Justice Marc Nadon, writing for the Court, found that the applicant could have
challenged that “matter” at any time and did not have to wait until the CRTC
issued a bulletin relating specifically to the 2011 election (at para 11).
Accordingly, he concluded that the issue was not “really urgent” and denied the
applicant’s request for an expedited hearing in advance of that election.
[17]
In Mr Hallen’s case, it is clear to me that he
is challenging a singular decision – the CRA’s revocation of the Loba pension
plan. The consequences of that decision in respect of Mr Hallen’s pension – the
refusal to transfer his pension benefits – was communicated to him by way of
the July 2005 letter. He is not challenging a general policy position, a course
of conduct, or a series of decisions and acts.
[18]
Regarding the letter sent by Treasury Board in
June 2012, this did not set out a decision and, therefore, does not provide a
basis for judicial review.
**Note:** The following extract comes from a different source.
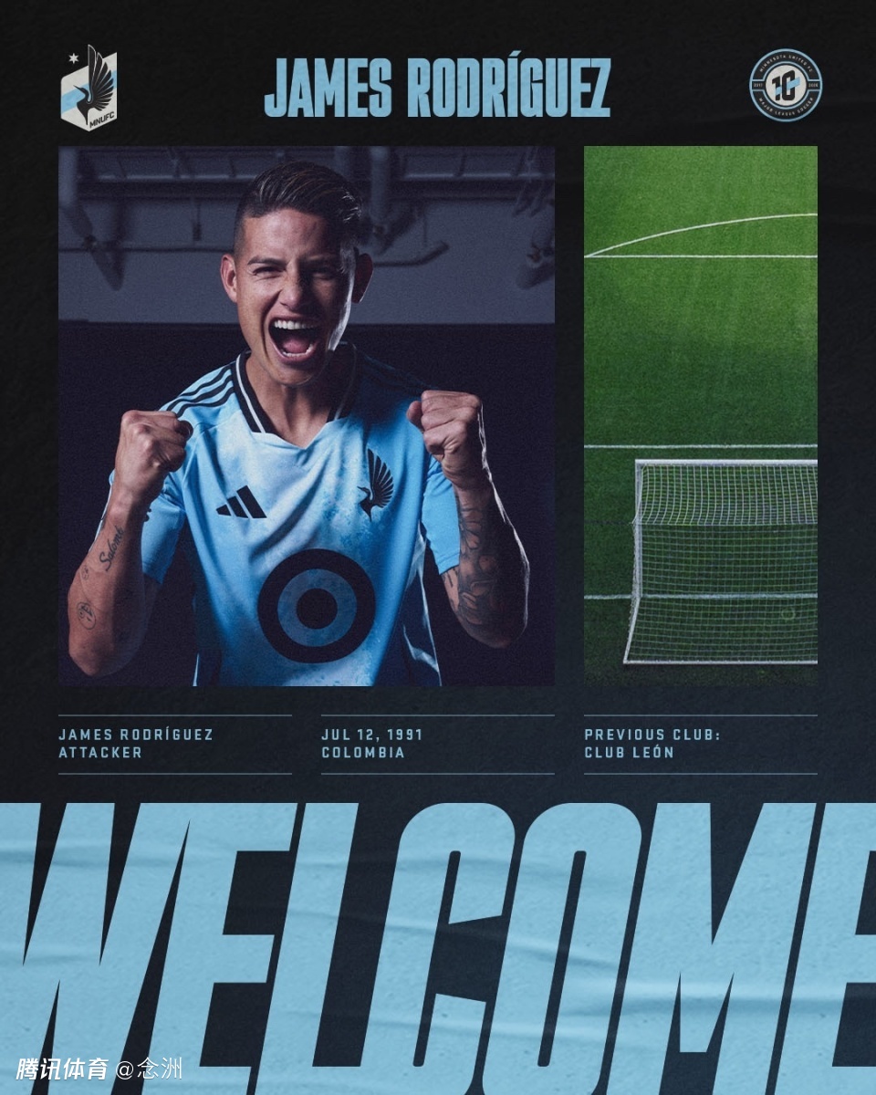 美职联球队明尼苏达联官方宣布,与34岁的哥伦比亚球星哈梅斯-罗德里格斯完成签约,球员自由身加盟,双方签约至2026年6月,同时俱乐部有与他续约至2026年年底的选项。

It was merely a courtesy letter (as in Batkai v Canada (Minister of Citizenship and Immigration), 2002 FCT 514 at para 13; Hughes v Canada (Customs and Revenue Agency), 2004 FC 1055 at para 6; and Phillips v Canada (Librarian and Archivist), 2006 FC 1378 at para 2).
[19]
In my view, Mr Hallen could have launched his
application for judicial review in 2005 when Treasury Board informed him of the
consequences of the de-registration of the Loba pension plan. Alternatively,
when those consequences materialized in the form of his receipt of pension
cheques in 2011, he could have commenced an application for judicial review at
that point. In either case, his application for judicial review is now clearly
out of time.
IV. Conclusion
and Disposition
[20]
I must dismiss this application for judicial
review with costs, because it was brought out of time.